Canadian National said on its website and in a later statement that the train derailed around 2:45 a.m. Saturday near Gogama, about 600 kilometers (373 miles) north of Toronto. The train’s crew reported a fire though no injuries, spokeswoman Emily Hamer said in an e-mail. The company hasn’t yet determined the exact number of cars that derailed or how many are involved in the fire.
“CN crews are responding to the site in order to undertake the necessary repairs,” the Montreal-based company said on its website. “Both westbound and eastbound traffic scheduled to cross the affected area is currently obstructed, and may be delayed by 24 hours or more.”
The company said in the statement that a bridge over a waterway was damaged in the derailment and five tank cars ended up in the water, some of them on fire. The cars, carrying crude oil from Alberta, are CPC-1232 models that began to be introduced in the industry in 2011 to increase safety. Emergency responders have deployed two lines of boom in the water to contain the oil.
CN also dispatched Chief Operating Officer Jim Vena to the site. In the statement, he issued an apology to residents of the area for disruptions caused by the crash.
Via Rail Canada said in a statement that because of the CN derailment, it canceled its Saturday night passenger train from Toronto to Vancouver and would terminate an eastbound train on the same route when it reaches Winnipeg.
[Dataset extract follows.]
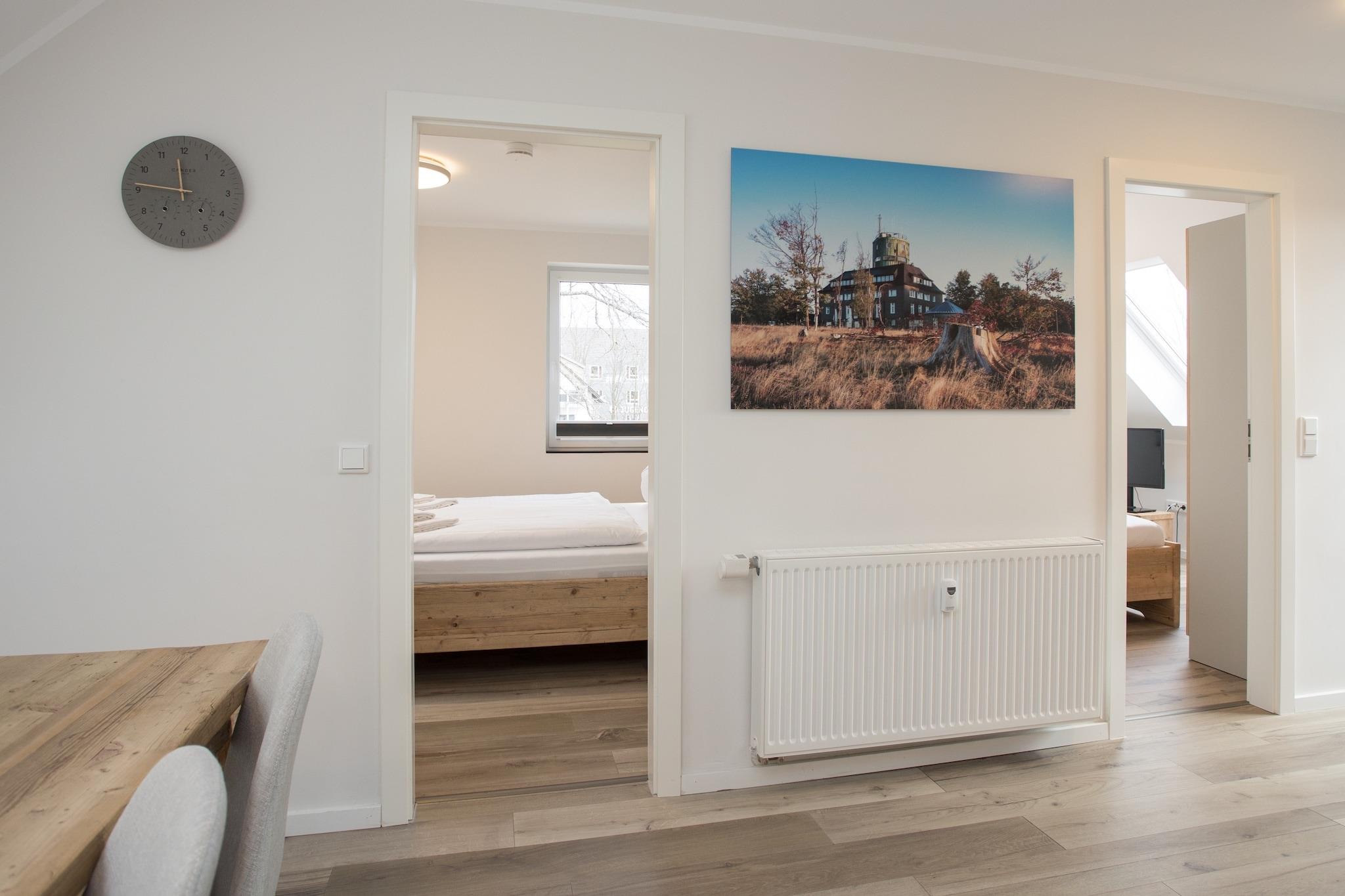 Let yourself be surprised by the stunning view of the Sauerland mountains from this renovated 3-room apartment on the top floor in Neuastenberg. With nature literally at your feet and opposite the Postwiese, you are just a stone's throw away from the Rothaarsteig hiking trail, the bike park or the Kahler Asten and a short distance from the center of Winterberg. This apartment in the Neuastenberg district is therefore the perfect base to explore the surroundings. Whether you want to hike, bike or just enjoy the beautiful surroundings, everything is within reach. And after a day full of experiences, you can enjoy the peace and comfort in this fine apartment. In the spacious dining and living area you will find a two-seater sofa that can be converted into a sofa bed, so you have 2 sleeping places in no time. You can watch a movie on the flat screen television. The cozy dining area offers space for six people, so you can dine here with your entire travel group. The fully equipped kitchen leaves nothing to be desired. Here you will find a refrigerator, a 4-burner ceramic hob, an oven, refrigerator and a dishwasher. But also a Nespresso machine for coffee lovers, a kettle for a delicious cup of tea and a toaster for a tasty toasted sandwich. The two bedrooms are both equipped with a double bed (160x200cm), two bedside tables, bed lighting and a flat screen television. Here you can relax after a day out and about. The modern bathroom is equipped with a spacious rain shower, a sink with storage space, a toilet and a handy hairdryer. A parking space is available at the property so you can always park your car. Unfortunately, your four-legged friend is not allowed to join you on holiday in this accommodation. If you are traveling with a child up to 2 years old, you must bring the necessary items for him/her yourself. Neuastenberg, located in the picturesque Sauerland, offers an idyllic escape for winter sports enthusiasts. With its location between 605 and 730 meters above sea level, this ski area reveals approximately 8 kilometers of varied slopes, including a challenging black slope for experienced skiers. The combination of natural and artificial snow ensures optimal skiing conditions from mid-December to mid-March. A special experience is skiing in the evening hours; 4.5 kilometers of illuminated slopes and a fun park come to life. The charm of Neuastenberg also extends to the facilities in the area. Visitors can relax in cozy bars such as Pferdestall and Sunside café, or enjoy an authentic German pilsner in the Schirmbar and other local cafes. For those looking for adventure off the slopes, Kartbahn Kartfun offers exciting indoor racing experiences. Wellness centers with inviting saunas, massages and bubble baths are ready for relaxing moments during your holiday. In addition, the toboggan runs offer an adrenaline rush with fast descents, while the surrounding mountains offer perfect routes for hikers and mountain bikers.

The accident marks the second derailment of a Canadian National oil train in three weeks in northern Ontario. A train with 100 cars, all carrying crude from the oil-producing region of Alberta to eastern Canada, derailed on February 14 about 30 miles north of Gogama. A total of 29 cars were involved in that incident and seven caught fire, a spokesman said at the time.
About 18 freight trains a day use the line, which links western and eastern Canada. Canadian oil producers have grown dependent on shipping crude by rail as pipeline capacity has become constrained.
Investigators from the Transportation Safety Board of Canada have been sent to the site, which is 37 kilometers from the previous accident, the government agency said in a statement. The train was headed to Levis, Quebec, and 30 to 40 rail cars derailed, agency spokesman John Cottreau said by phone.